MiniGPT4-Video: Advancing Multimodal LLMs for Video Understanding with Interleaved Visual-Textual Tokens
This paper introduces MiniGPT4-Video, a multimodal Large Language Model (LLM) designed specifically for video understanding. The model is capable of processing both temporal visual and textual data, making it adept at understanding the complexities of videos. Building upon the success of MiniGPT-v2, which excelled in translating visual features into the LLM space for single images and achieved impressive results on various image-text benchmarks, this paper extends the model's capabilities to process a sequence of frames, enabling it to comprehend videos. MiniGPT4-video does not only consider visual content but also incorporates textual conversations, allowing the model to effectively answer queries involving both visual and text components. The proposed model outperforms existing state-of-the-art methods, registering gains of 4.22%, 1.13%, 20.82%, and 13.1% on the MSVD, MSRVTT, TGIF, and TVQA benchmarks respectively. During inference, a speech to text model such as Whisper model is utilized to generate subtitles for the video.
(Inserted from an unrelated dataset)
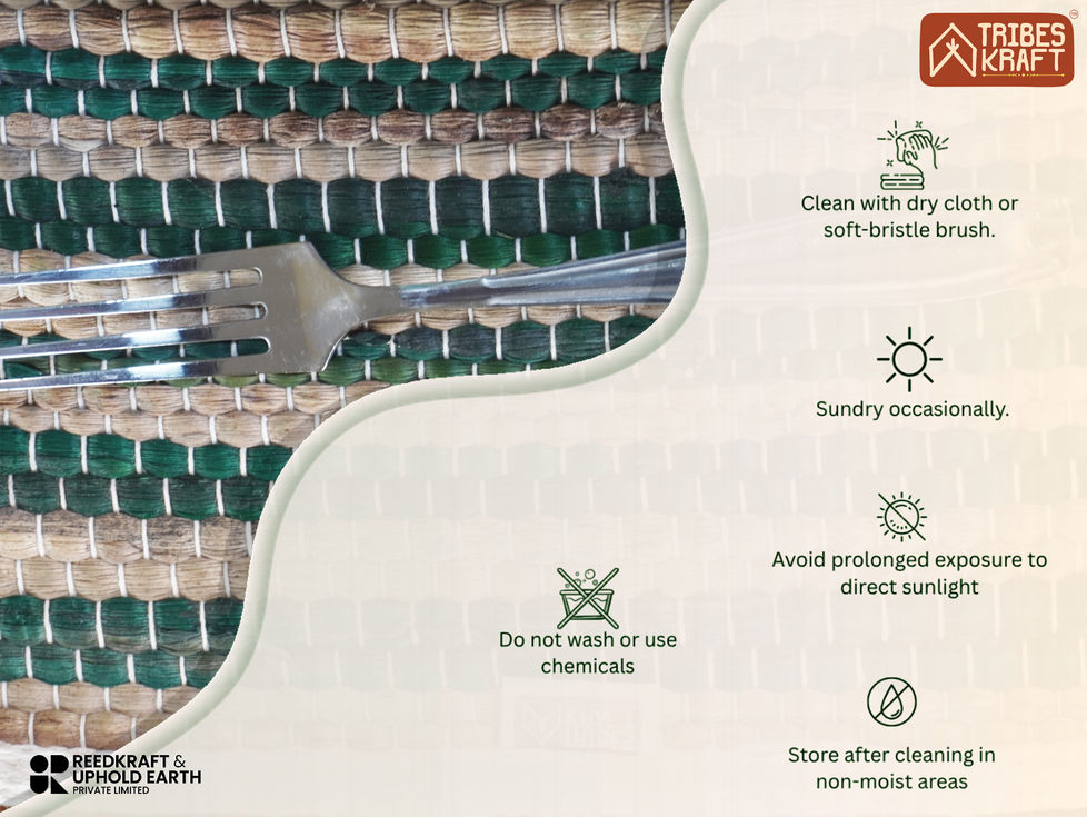 Bring the warmth of nature to your table with these beautifully handcrafted water hyacinth placemats, designed in a refined 18 x 12 inch rectangular shape. With their soothing dual finish (green & natural), they embody the perfect balance of earthy charm and timeless sophistication. Whether it’s a quiet family meal or a festive gathering, their understated elegance instantly enhances your dining experience. Lightweight yet sturdy, these mats safeguard your table from heat, spills, and scratches while remaining easy to clean with just a quick wipe. Each piece is meticulously woven by skilled Indian artisans and rural communities, keeping alive generations of craftsmanship and sustainable weaving traditions. Water hyacinth, a fast-spreading aquatic weed, is transformed here into something purposeful and beautiful. Known for choking rivers, blocking transport, and damaging aquatic habitats, this rapidly growing plant is ingeniously repurposed into durable, eco-friendly placemats. By weaving water hyacinth, artisans reduce its environmental harm while creating functional home décor that carries a lighter footprint—up to 60% fewer CO₂ emissions compared to plastic or synthetic alternatives. These mats are non-toxic, biodegradable, and made with minimal processing, staying true to TRIBESKRAT’s commitment to sustainable living. With every purchase, you support artisan livelihoods, rural communities, and a greener future. Affordable, natural, and enduringly elegant—our water hyacinth placemats embody the true grace of mindful living. |

Then, both the video and the subtitle are input to the MiniGPT4-Video model with the instruction and the model outputs the answer.
1. Clone the repository
git clone https://github.com/Vision-CAIR/MiniGPT4-video.git
cd MiniGPT4-video
2. Set up the environment
conda env create -f environment.yml
3. Download the checkpoints
MiniGPT4-Video (Llama2 Chat 7B) | MiniGPT4-Video (Mistral 7B) |
---|---|
Download | Download |
4. Run the demo
# Llama2
python minigpt4_video_demo.py --ckpt path_to_video_checkpoint --cfg-path test_configs/llama2_test_config.yaml
# Mistral
python minigpt4_video_demo.py --ckpt path_to_video_checkpoint --cfg-path test_configs/mistral_test_config.yaml
Do the previous steps and replace step 4 with this step
# Llama2
python minigpt4_video_inference.py --ckpt path_to_video_checkpoint --cfg-path test_configs/llama2_test_config.yaml --video_path path_to_video --question "Your question here"
# Mistral
python minigpt4_video_inference.py --ckpt path_to_video_checkpoint --cfg-path test_configs/mistral_test_config.yaml --video_path path_to_video --question "Your question here"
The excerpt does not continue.